Matthew Hodgson, CEO and founder of Mosaic Smart Data echoes these sentiments: “There is no standardisation, so the data needs to be normalised, hygiene-checked, with errors and inconsistencies rectified.” He adds, “if this is not done, then it is impossible for accurate real-time data analytics, machine learning or artificial intelligence to be applied across an institution’s entire transaction activity.”

The issues are even thornier in bond markets which are infamously fragmented with different issuers, maturity dates, structures, coupons and liquidity profiles. Although there has been a shift to electronic trading, it is in the more liquid government bond markets, but when it is in the corporate bond sphere it tends to be for smaller trades, according to market participants. In general, their larger counterparts are still negotiated over the phone or via chat.

Accurate bond price sourcing is still one of the biggest challenges for fixed income traders today, according to Vuk Magdelinic, CEO of Overbond. He adds that this makes it difficult to have reliable pricing and build credit curves.
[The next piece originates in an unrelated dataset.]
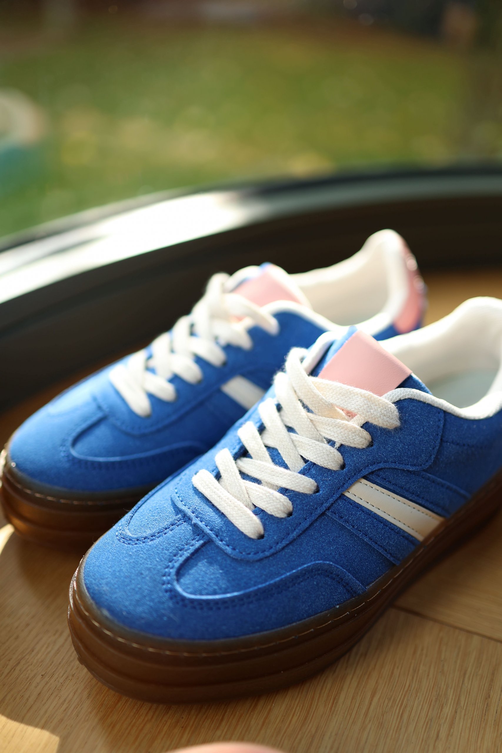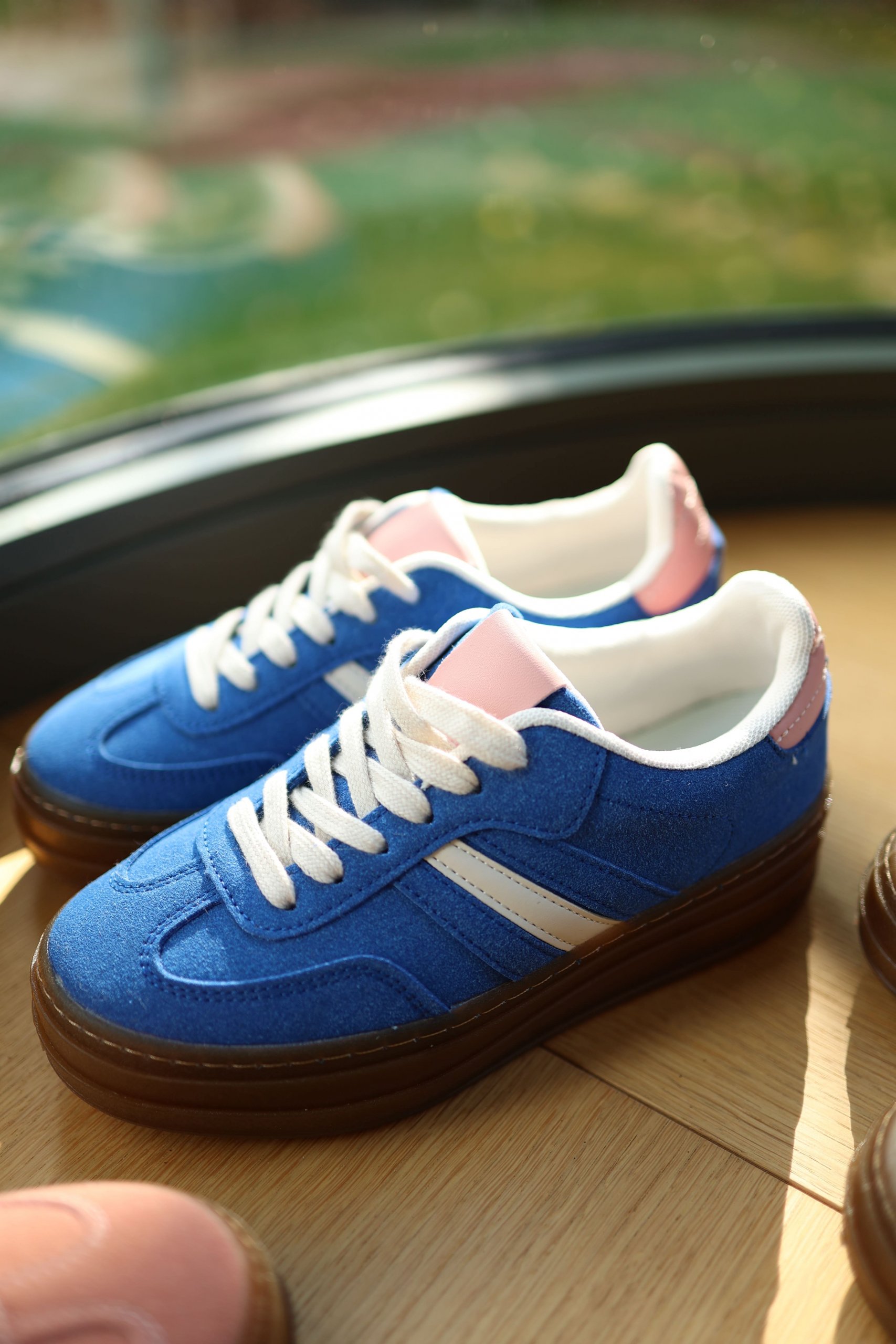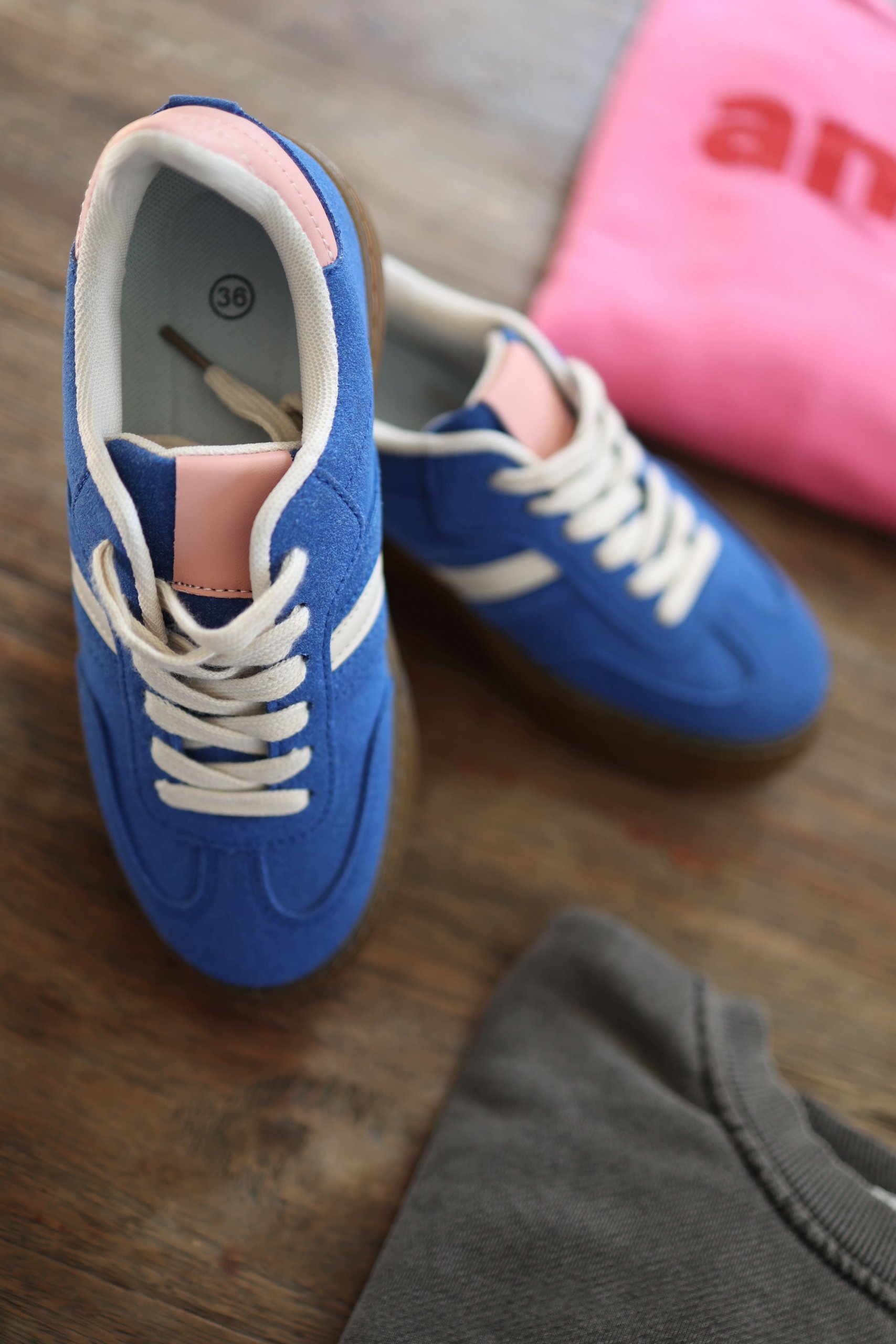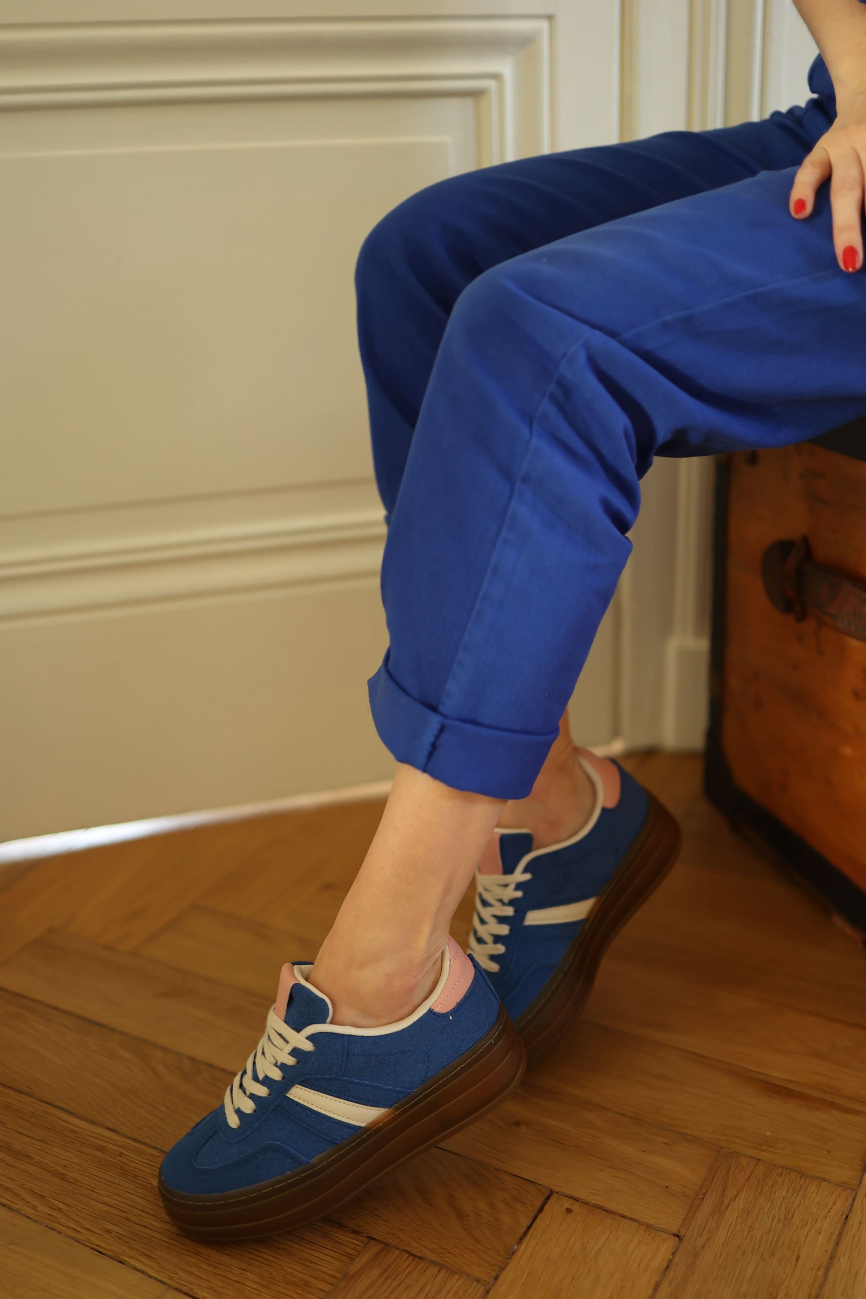 Baskets compensées bleu klein et rose

Fixed income traders also need aggregation of disparate data as well as modelling to have a deeper view of illiquidity across venues and those different input data sources.

Overbond’s COBI-Pricing LIVE algorithm addresses these issues by garnering historical data on over 30,000 securities – with a refresh rate of under three seconds – from multiple sources. The tool, which is the latest addition to its corporate and government bond AI suite, aims to provide traders with more accurate pricing data for measuring liquidity of individual securities and ultimately enabling execution automation.
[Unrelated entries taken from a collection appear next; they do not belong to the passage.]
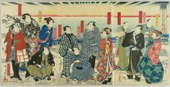 By the 1740s, artists such as Torii Kiyotada were making prints depicting not only the actors themselves, in portraits or in stage scenes, but the theaters themselves, including the audience, architecture, and various staging elements.
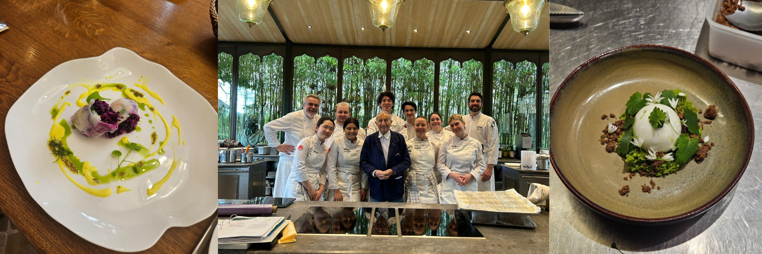 Notre mois de mise en situation professionnelle à Eugénie-les-Bains au sein d’un établissement de la Maison Guérard est un mois que j’ai adoré. Nous avons pu découvrir tout l’univers d’une cure et d’un palace et nous avons découvert une multitude de métiers. Les équipes ont été très accueillantes et nous nous sommes très bien sentis au sein de l’établissement. Nous avons passé une semaine avec le Chef Mack, riche en apprentissage, recettes et techniques culinaires.
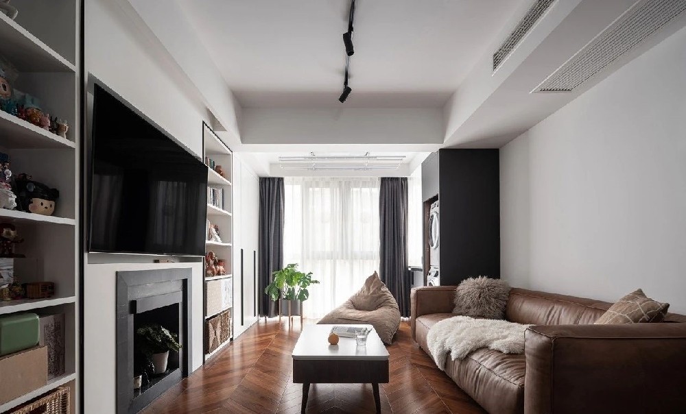 客厅保留墙面的白色,用自身最为适当的包容度将舒适宜人的氛围拿捏到位,可与年月经久相伴。被纳入起居空间的阳台,延展了整个视线。
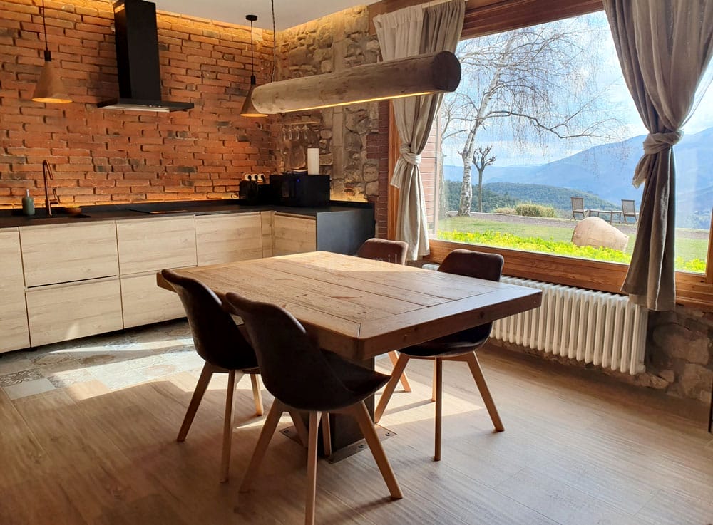 Mas Can Ferrer también dispone de un espacio interior, acristalado, con una gran mesa y cocina para celebraciones o preparar barbacoas cuando hace mal tiempo o frío. Los huéspedes pueden utilizar el espacio si se encarga previamente.
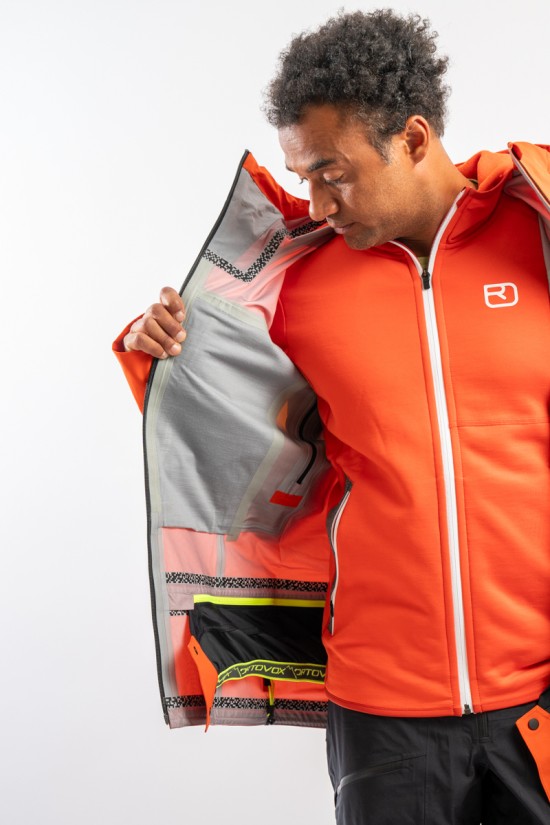 3L DEEP SHELL JACKET soft and lightweight, ergonomic design to allow maximum freedom of movement. Built with DERMIZAX EV membrane, suitable for extreme and prolonged conditions, it favors waterproofing, thermal insulation and wind resistance. Merino wool insert in the most sensitive areas. Ideal for Freeride and all intense activities. ORTOVOX WOOL PROMISE.

“It’s not just about speed but also precision and accuracy,” says Magdelinic. “A model like COBI-Pricing can help a desk to grow its flow and at the same time preserve a hit ratio of about 10-15% of all RFQs won, and an optimal margin through a margin optimisation model that will guarantee a positive desk P&L.”

Meanwhile, Katana, which incubated within ING before being spun out, recently joined forces with IHS Markit to detect reverting dislocations and relative value insights for up to 200 million bond pairs over six different universes. With a reported accuracy of 91%, the fintech uses machine learning algorithms and the latest big data technologies to analyse live data, and up to ten years of historical data, from IHS Markit.

Looking ahead, there is no doubt that the technology will continue to advance but it may take time for traders to catch up. There not only needs to be more training but also greater retention of the appropriately skilled people to handle transition and deployment of the new technology. For example, high-touch traders may be experienced in their field but not have a complete grasp as to how new models can improve their performance.

This is not surprising as change management and corporate cultural shifts are always understated according to De Souza. “There needs to be more of a quant-based bent to trading in fixed income and more familiarity and understanding of how the technology works,” he says. “This is often overlooked but is critical to building a more robust market.”